Schemitzun, also known as the Green Corn Festival, is a celebration of the corn harvest at the end of August.
"We view Green Corn as a homecoming. It's really an opportunity for everyone to see each other," says Helme, who celebrated Schemitzun at Mashantucket in southeastern Connecticut, home to the Mashantucket (Western) Pequot Tribal Nation. The two-day festival of dancing, chanting, and feasting is one of the largest Indigenous gatherings, or pow wows, in the Northeast.
In October, after the corn fields have browned and withered, Aquinnah Wampanoags on the island of Martha's Vineyard turn their attention to gathering wild cranberries during Cranberry Thanksgiving, a day, like Schemitzun, of ceremony, feasting and song.
Young and old fan out across tribal bogs to gather the tart, crimson berries. While they appear at least annually on many American dinner tables, tribal elder Julianne Vanderhoop says the Aquinnah cherish cranberries throughout the winter as a source of nutrition.
"Cranberries were mixed into everything, from fritters to vegetables. They're dried and held in the root cellar over the winter. So this was a primary sustenance crop for us" says Vanderhoop.
So sacred is Cranberry Thanksgiving that Aquinnah children are officially given the day off from school to join the harvest.
Come November, when temperatures drop, the focus shifts from harvesting to hunting during Hunters Moon, the next celebration in the cycle.
"That moon is an important time for us," says Cassius Spears Jr. first councilman of the Narragansett tribe in Rhode Island.
"We talk to the four leggeds and we ask for them to help us get through the winter and that's when we go out and we hunt. That's a time of thanks, a time of appreciation because [animals] are giving their lives so we can live," says Spears.
But in recent decades wildlife, habitat and the cycle of the Thirteen Moons themselves face threats, Spears says, from climate change.
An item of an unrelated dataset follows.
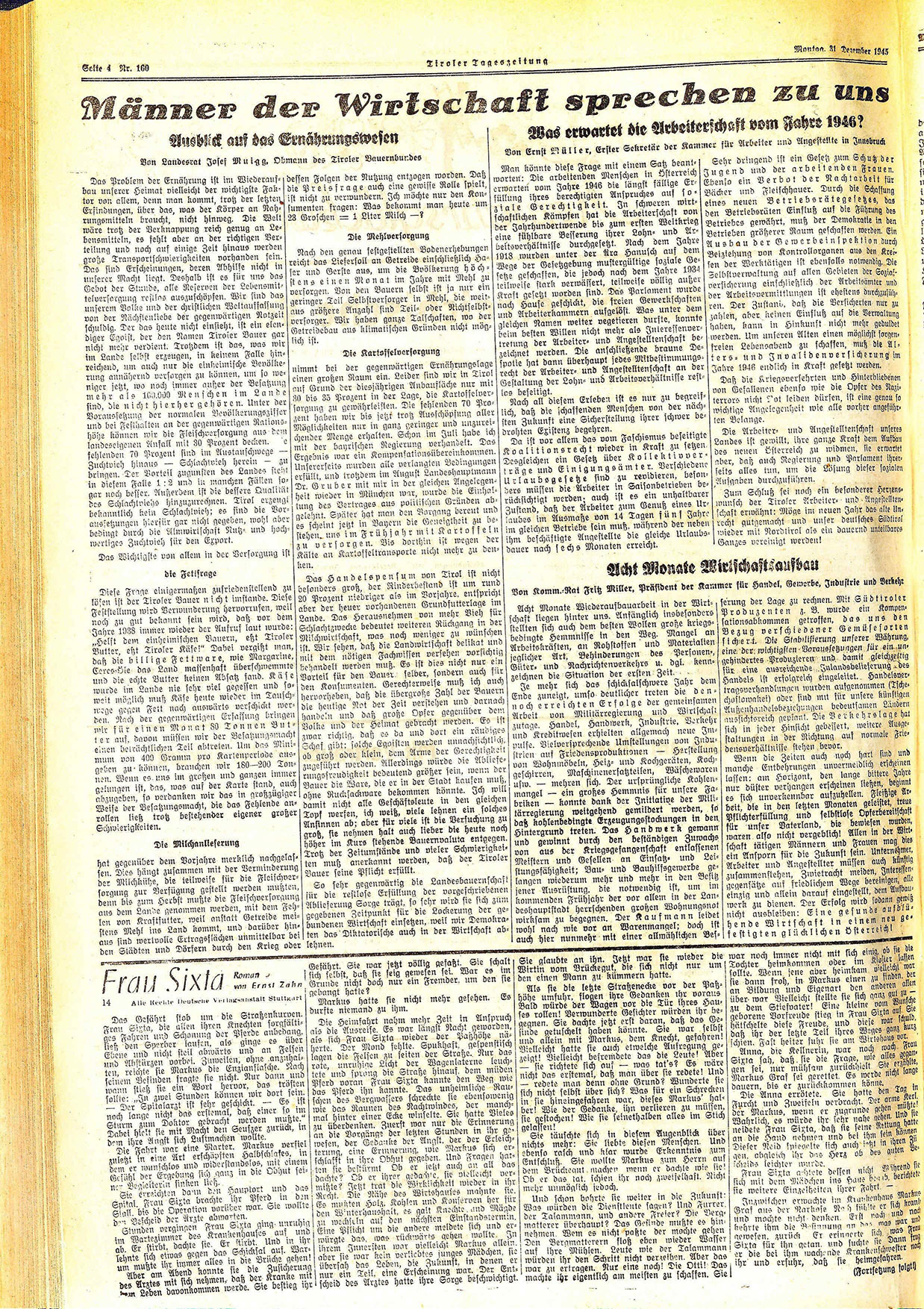 Das sind Erscheinungen, deren Abhilfe nicht in unserer Macht liegt. Deshalb ist es für uns das Gebot der Stunde, alle Reserven der Lebensmittelversorgung restlos auszuschöpfen. Wir sind das unserem Volke und der christlichen Weltauffassung von der Nächstenliebe der gegenwärtigen Notzeit schuldig. Der das heute nicht einsieht, ist ein elendiger Egoist, der den Namen Tiroler Bauer gar nicht mehr verdient. Trotzdem ist das, was wir im Lande selbst erzeugen, in keinem Falle hinreichend, um auch nur die einheimische Bevölkerung annähernd versorgen zu können, um so weniger jetzt, wo noch immer außer der Besatzung mehr als 160.000 Menschen im Lande sind, die nicht hierher gehören. Unter der Voraussetzung der normalen Bevölkerungsziffer und bei Festhalten

"If the strawberries aren't growing, how are you going to have a strawberry thanksgiving? If the green corn is stunted because of drought and it's not ready for harvest, or the quantity isn't there at the end of the season, how are we able to do our ceremonies?" he asks.
In answer to his own questions, Spears says Indigenous people will find ways to endure, as they always have, just as day follows night.
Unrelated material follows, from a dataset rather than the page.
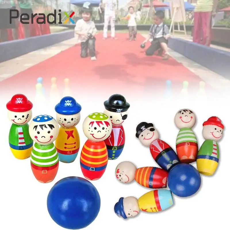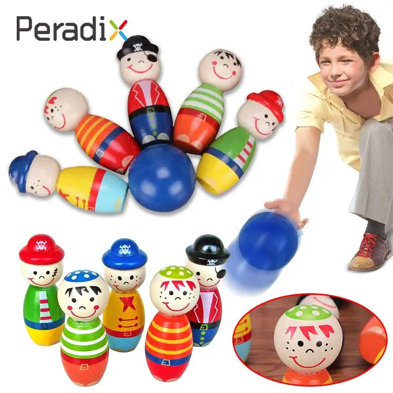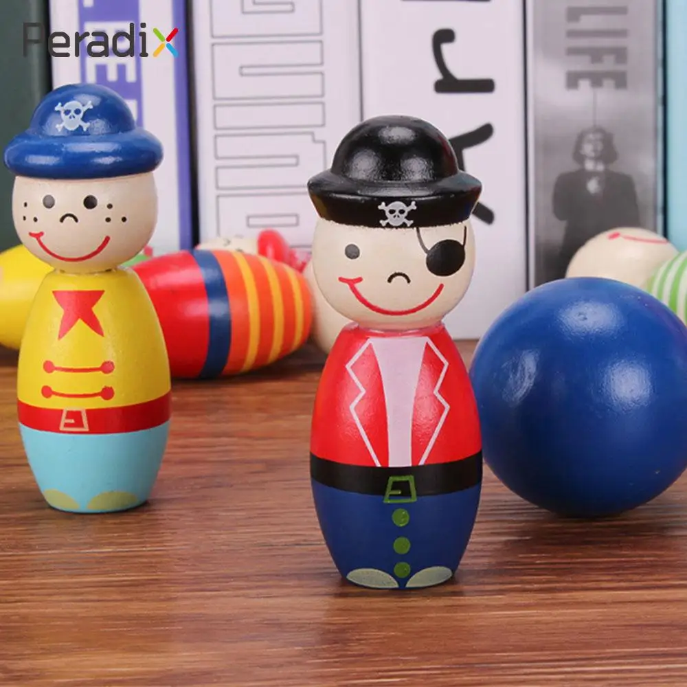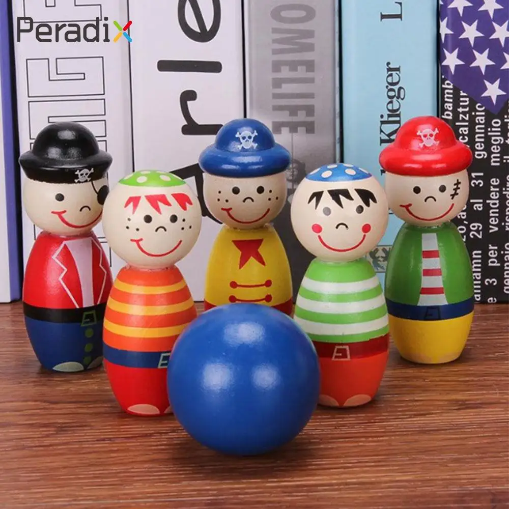 Cheap 6Pcs Wooden Indoor Outdoor Set Bowling Pirate Ball Cartoon Handcrafted Play

"We give thanks every day when the sun rises, or the sun sets, we give thanks. So it's something that we do. It's a part of who we are, which is far, far removed from American Thanksgiving and football and turkey and getting mad at your family" he says, wryly.
Expressing gratitude thirteen times a year, Spears concludes, not only shows respect for the earth, but keeps Indigenous people in close touch with the cycles of creation's blessings.